Moosaei Hossein, Ganaie M A, Hladík Milan, Tanveer M
Department of Informatics, Faculty of Science, Jan Evangelista Purkyně University, Ústí nad Labem, Czech Republic; Department of Applied Mathematics, Faculty of Mathematics and Physics, Charles University, Prague, Czech Republic.
Department of Mathematics, Indian Institute of Technology Indore, Simrol, Indore, 453552, India; Department of Robotics, University of Michigan, Ann Arbor, MI, 48109, USA.
Neural Netw. 2023 Jan;157:125-135. doi: 10.1016/j.neunet.2022.10.003. Epub 2022 Oct 15.
Imbalanced datasets are prominent in real-world problems. In such problems, the data samples in one class are significantly higher than in the other classes, even though the other classes might be more important. The standard classification algorithms may classify all the data into the majority class, and this is a significant drawback of most standard learning algorithms, so imbalanced datasets need to be handled carefully. One of the traditional algorithms, twin support vector machines (TSVM), performed well on balanced data classification but poorly on imbalanced datasets classification. In order to improve the TSVM algorithm's classification ability for imbalanced datasets, recently, driven by the universum twin support vector machine (UTSVM), a reduced universum twin support vector machine for class imbalance learning (RUTSVM) was proposed. The dual problem and finding classifiers involve matrix inverse computation, which is one of RUTSVM's key drawbacks. In this paper, we improve the RUTSVM and propose an improved reduced universum twin support vector machine for class imbalance learning (IRUTSVM). We offer alternative Lagrangian functions to tackle the primal problems of RUTSVM in the suggested IRUTSVM approach by inserting one of the terms in the objective function into the constraints. As a result, we obtain new dual formulation for each optimization problem so that we need not compute inverse matrices neither in the training process nor in finding the classifiers.
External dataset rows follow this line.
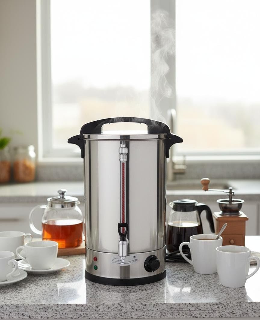Upgrade your beverage service with this 10L Stainless Steel Electric Water Urn. Designed for "fast-paced living," its 2000W power ensures boiling speeds in as little as 3 minutes. The adjustable thermostat gives you full control over the water temperature, while the sleek, durable design makes it an essential appliance for any kitchen, office buffet, or social event.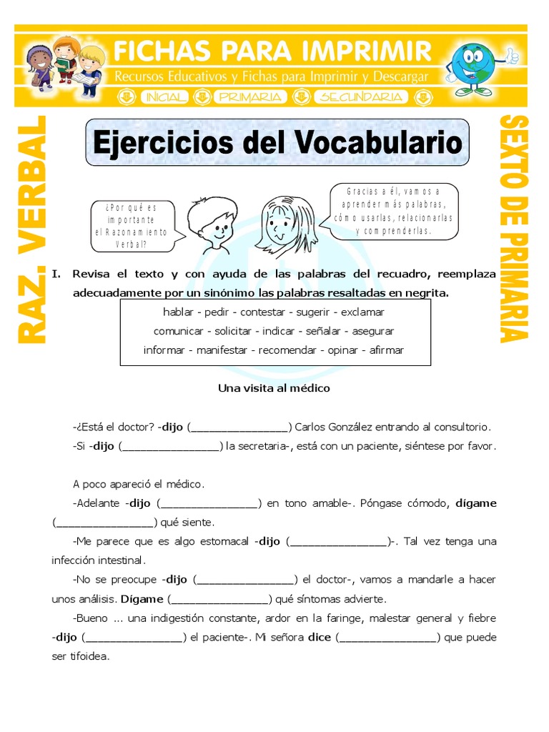 Ejercicios Del Vocabulario Para Sexto De Primaria Pdf Naturaleza
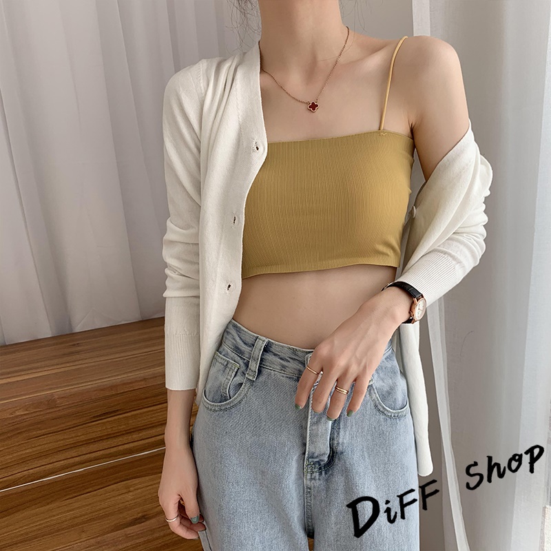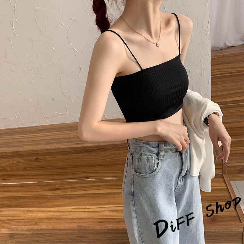 【DIFF】韓版冰絲細肩平口美背小可愛 帶胸墊免穿內衣 上衣 小可愛 女裝 背心女 衣服 短版上衣 冰絲背心【V201】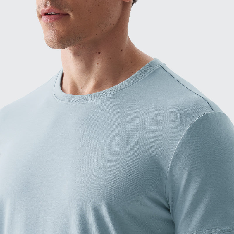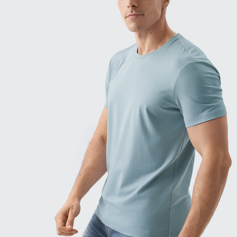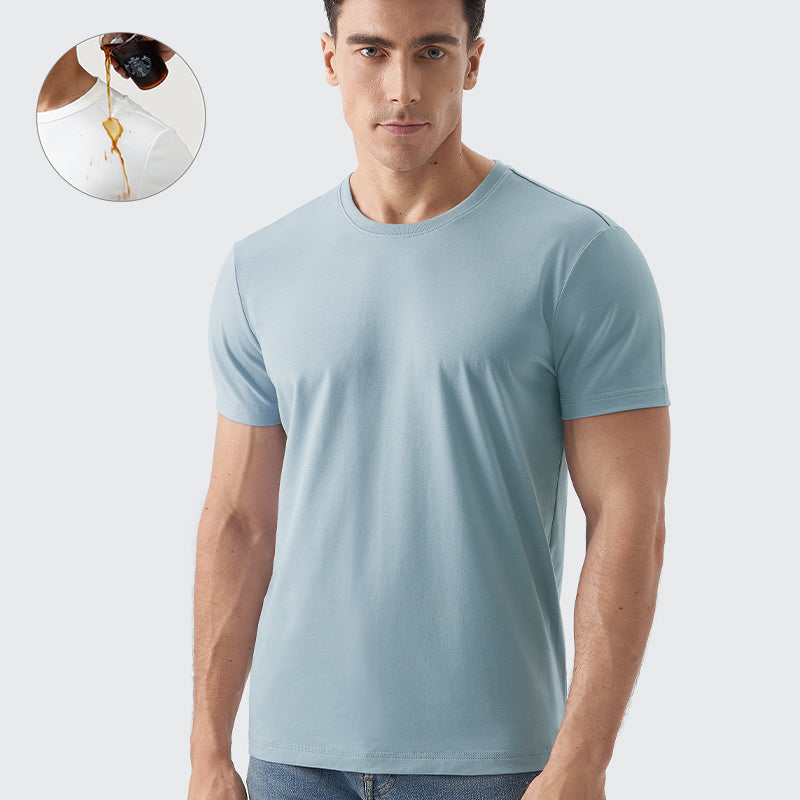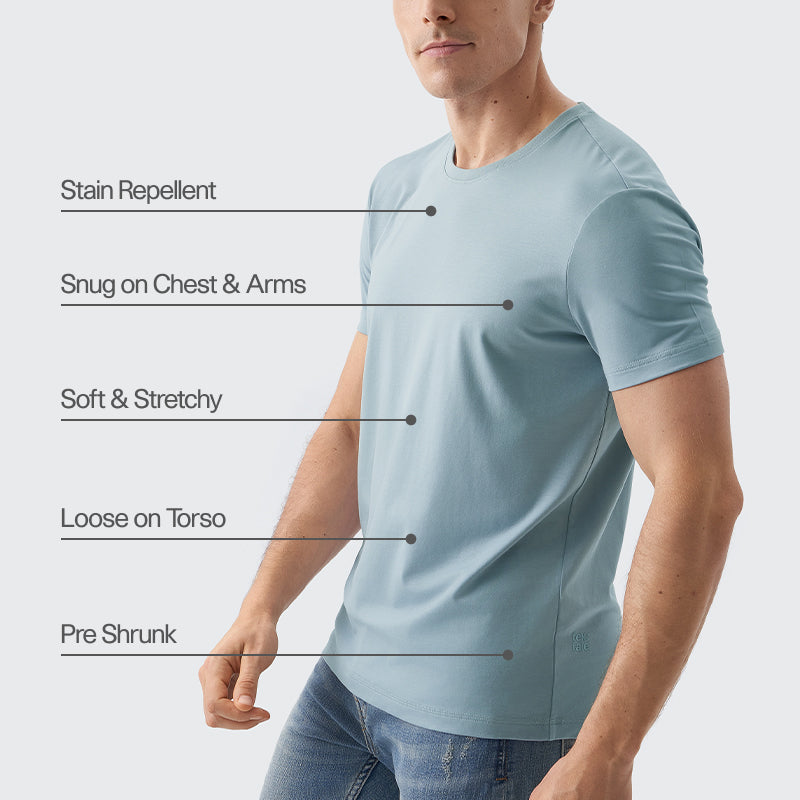 Discover the _FRESH Stain-Repel Signature Tee in Sierra Blue, crafted with TexTale’s advanced EasyClean™ fabric technology that resists stains, keeping you looking sharp all day. Made from a premium blend of 50% Cotton and 50% Lenzing™ Modal in a 240gsm double jersey fabric, this tee offers breathable comfort and a sleek, Signature Fit that enhances your shape. Thoughtfully designed for a tailored look, it features a ribbed neckline that holds its shape and pre-shrunk fabric to ensure a consistent fit wash after wash. Available in sizes S to 3XL, this tee seamlessly combines functionality and style to elevate your wardrobe.

Moreover, the smaller size of the rectangular kernel matrices is used to reduce the computational time. Extensive testing is carried out on a variety of synthetic and real-world imbalanced datasets, and the findings show that the IRUTSVM algorithm outperforms the TSVM, UTSVM, and RUTSVM algorithms in terms of generalization performance.
不平衡数据集在现实世界问题中很突出。在这类问题中,一个类别的数据样本显著高于其他类别,尽管其他类别可能更重要。标准分类算法可能会将所有数据分类到多数类中,这是大多数标准学习算法的一个重大缺陷,因此需要谨慎处理不平衡数据集。传统算法之一的孪生支持向量机(TSVM)在平衡数据分类上表现良好,但在不平衡数据集分类上表现不佳。为了提高TSVM算法对不平衡数据集的分类能力,最近,在全域孪生支持向量机(UTSVM)的推动下,提出了一种用于类别不平衡学习的约简全域孪生支持向量机(RUTSVM)。对偶问题和寻找分类器涉及矩阵求逆计算,这是RUTSVM的关键缺陷之一。在本文中,我们改进了RUTSVM,并提出了一种改进的用于类别不平衡学习的约简全域孪生支持向量机(IRUTSVM)。我们通过将目标函数中的一项插入约束中来提供替代拉格朗日函数,以解决所提出的IRUTSVM方法中RUTSVM的原始问题。结果,我们为每个优化问题获得了新的对偶形式,这样在训练过程和寻找分类器时都无需计算逆矩阵。此外,使用较小尺寸的矩形核矩阵来减少计算时间。我们在各种合成和真实世界的不平衡数据集上进行了广泛测试,结果表明IRUTSVM算法在泛化性能方面优于TSVM、UTSVM和RUTSVM算法。